• [Supplied records]

>>

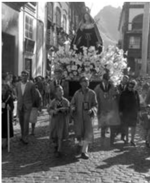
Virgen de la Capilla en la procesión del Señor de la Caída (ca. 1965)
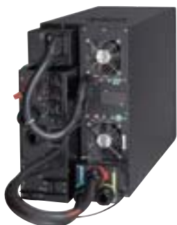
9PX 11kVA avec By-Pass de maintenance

<<
>>

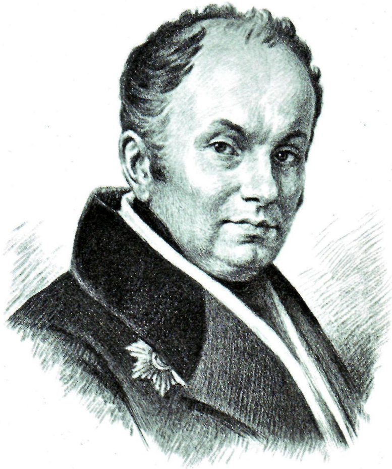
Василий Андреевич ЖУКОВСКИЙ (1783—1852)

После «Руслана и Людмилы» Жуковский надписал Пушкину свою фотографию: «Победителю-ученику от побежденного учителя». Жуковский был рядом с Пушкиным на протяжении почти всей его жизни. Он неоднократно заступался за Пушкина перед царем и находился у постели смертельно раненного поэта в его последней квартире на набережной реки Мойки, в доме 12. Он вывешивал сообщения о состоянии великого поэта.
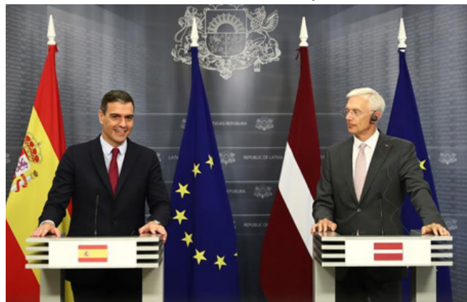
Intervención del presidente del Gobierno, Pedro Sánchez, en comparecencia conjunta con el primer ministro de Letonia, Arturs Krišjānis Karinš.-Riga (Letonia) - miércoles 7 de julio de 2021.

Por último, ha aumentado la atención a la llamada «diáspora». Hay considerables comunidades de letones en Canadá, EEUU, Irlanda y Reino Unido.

<<

• [Exercise prompt] Reproduce, character for character, only the lines of the preceding data that start at the line with "Intervención del presidente" and end at the line with "Por último, ha", both included.

• [Completed exercise]
Intervención del presidente del Gobierno, Pedro Sánchez, en comparecencia conjunta con el primer ministro de Letonia, Arturs Krišjānis Karinš.-Riga (Letonia) - miércoles 7 de julio de 2021.

Por último, ha aumentado la atención a la llamada «diáspora». Hay considerables comunidades de letones en Canadá, EEUU, Irlanda y Reino Unido.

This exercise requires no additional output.